Tuesday, August 13, 2013

Catching Fire

When I was little I did all sorts of things with my dad that my mom didn't know about.

When I was in second grade, we used to go to the High's store in Myersville, Maryland and get a double scoop ice cream cone on the way to the special eye doctor I used to go to for awhile. I remember most vividly mint-chocolate chip. That and the eye exercises that I refused to do, which is probably the reason why I am nearly blind these days.

We also used to go to Friendly's in the Fredericktown Mall, sit at the counter and order the clam strip basket and a Fribble, and today I took La to Friendly's in Pennsylvania to do the same thing. There were no counters, but everything was exactly the same (new Fribble recipe notwithstanding; it still tasted the same to me).

What a rare and beautiful thing to revisit something you remember from childhood and have it be exactly as you remember; I don't think I have ever had this experience. Every time I try to go back and see what I knew when I was younger, it is completely different.

Even the conversation La and I had was much the same as the conversations I would have with my father 35 years ago. We talked about life, plans, people's expectations. We talked about moving to Baltimore, living in England, playing softball for the Washington Huskies. We talked about the weight of making decisions when you have no idea what's next, and we talked about Dane and missing him, most of all, even when his name wasn't spoken. We talked about how we could make all the plans in the world, and they really don't matter much, in the end.

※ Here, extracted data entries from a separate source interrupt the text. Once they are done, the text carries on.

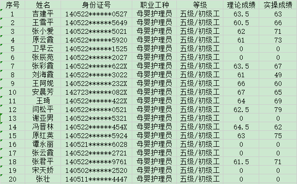 晉城市潔霸清潔服務(wù)股份有限公司職業(yè)技能等級認定中心2024年10月14日第41批家政服務(wù)員(母嬰護理員)初級認定人員成績公示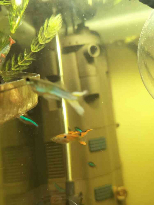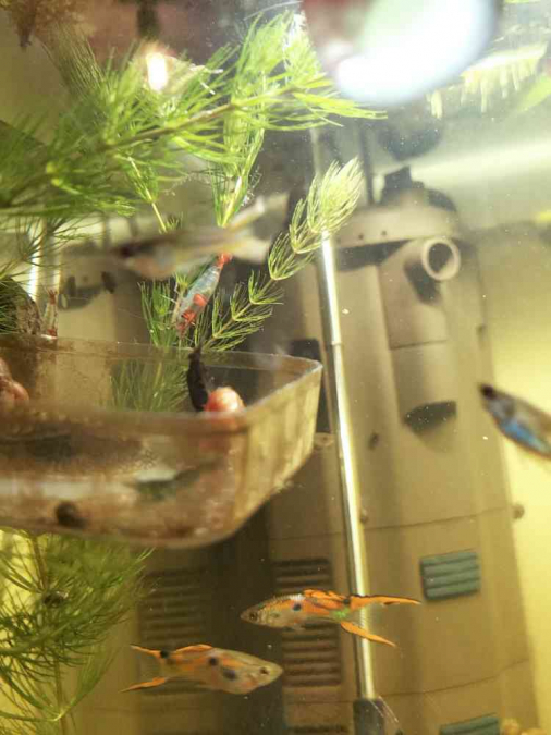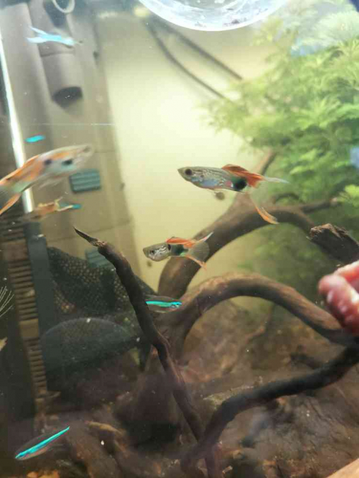 Bonjour ! Je donne mon banc de Guppys Endler avec : ~une dizaine de mâles ~environ 5 femelles (dont certaines gravides) Et les bébés qui vont avec. Je ne sais pas combien ils sont en tout. Je les donne juste car je souhaite un aquarium plus calme. Ils ont de super couleurs et comportements ! J'ai rajouté quelques mâles récemment pour eviter la consanguinité, vous n'aurez donc pas de soucis à ce niveau là . Desolée pour la qualité des photos, mon téléphone n'arrive pas à suivre. J'ai principalement des oranges avec des petites taches et des bleus/jaune ! N'hésitez pas à me demander pour plus d'infos Je les donne à qui souhaite venir les chercher :) (et m'aider à les pêcher) Mélina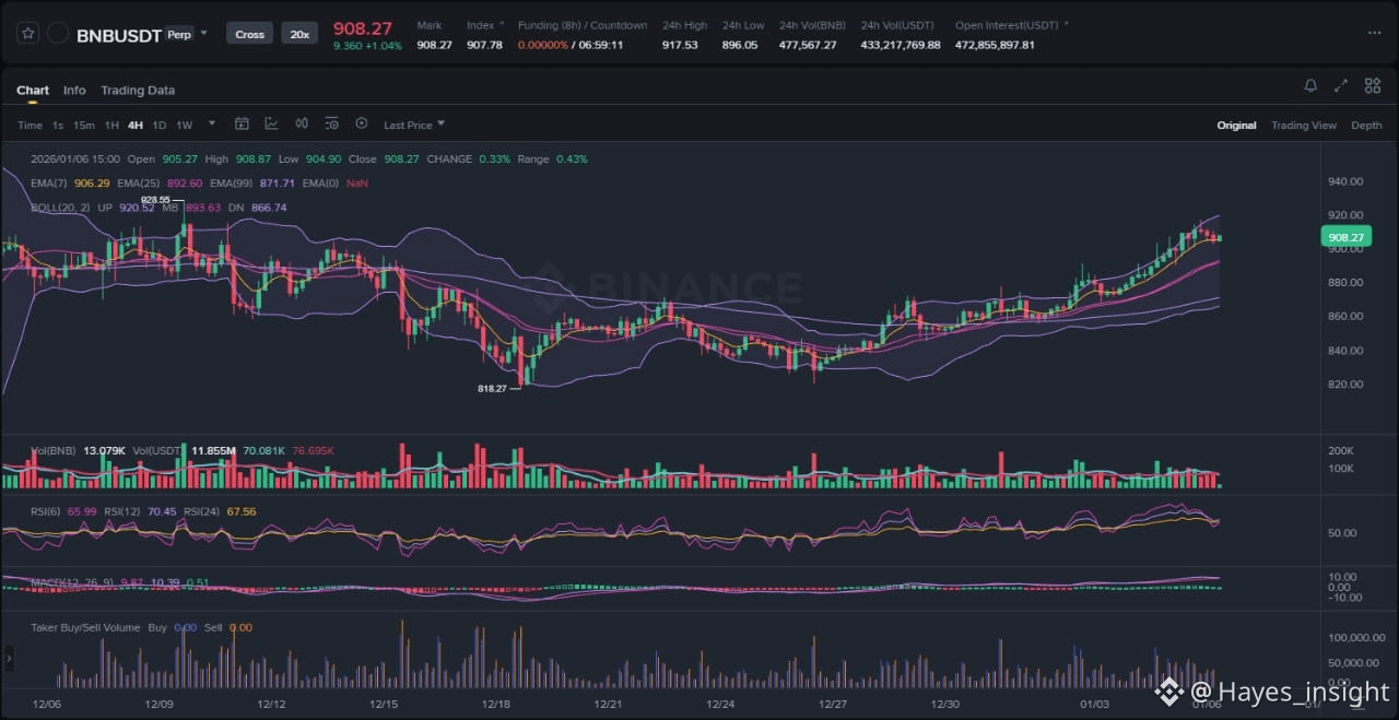 Diving deeper into indicators, RSI (14) hovers around 55 at the $902 level, neutral but climbing from oversold territory below 40 during the recent swing low, supporting accumulation rather than distribution. MACD exhibits bullish momentum with the histogram expanding positively at 8.71 as noted in recent analysis, line above signal, and zero-line crossover intact—this aligns seamlessly with the price compression, where bullish divergence on MACD underscores hidden buying pressure beneath the surface. The high-probability aspect of this $902 zone stems from its confluence as dynamic support via the rising 25/99 EMAs and static range bottom, where prior liquidity sweeps have repeatedly held, forming a robust demand cluster. Volatility contraction via Bollinger Band squeeze amplifies breakout odds, historically preceding 10-20% moves in BNB's cycle. However, sustained closes below $890 would negate this, hinting at range expansion downward into deeper liquidity pools.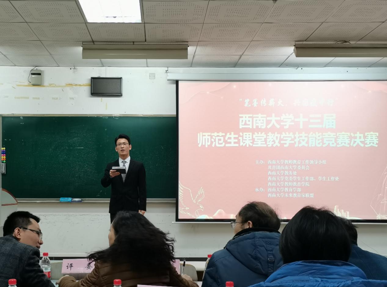 春风化雨,以情动人,胸有成竹展教师锋芒。来自外国语学院的曾丹运用流利标准的口语和灵活多变的讲课方式,结合家庭情境中的英语对话,给学生带来了一节妙趣横生的语法课堂;化学化工学院的于疏桐凭借巧妙的板书设计和丰富的肢体动作,形象地讲授了《元素的性质与原子结构》的有关知识;以过山车、投掷、自行车等鲜活易懂的生活经验为例,物理科学与技术学院的尹浚龙从生活中汲取授课灵感,具体诠释了向心力这一抽象概念;美术学院的付静怡于画中感情,诠释了“美术是创造性劳动,即在于营造艺术的情趣和意境”这一重要道理;文学院的谢卓沄深入浅出,引领学生们走进了郁达夫笔下的世界,感受了《故都的秋》令人心折的悲凉之美。

We talked about how much it hurts when people don't make time for you, and how it would work if we just stopped making time for them.

I told La that what has become most clear to me is that people don't really understand what truly matters to them until they are forced to take stock and re-evaluate what must stay and what must go. It's like choosing what to grab when there's a fire in your house; what would you reach for first? Imagine this translated to people, practices and what you spend your time, money and energy on. If there was a fire (or grief, say) that forced you to select what "items" you had to watch burn, which would you choose?

I must say that I am still in the process of choosing what matters most to me. That may sound odd, but in the shock of the thing it is hard to think clearly.  I don't know how you go about making these choices.

What we saw today (in addition to Betsy Ross, at the Betsy Ross House, who was AMAZING):

(yarn bomb in Philly)

 
(my people: an Obama sticker in the window of Elfreth's Alley, the oldest
residential alley in the country. Haven't seen a Jesus fish in seven days; I <heart> the north!)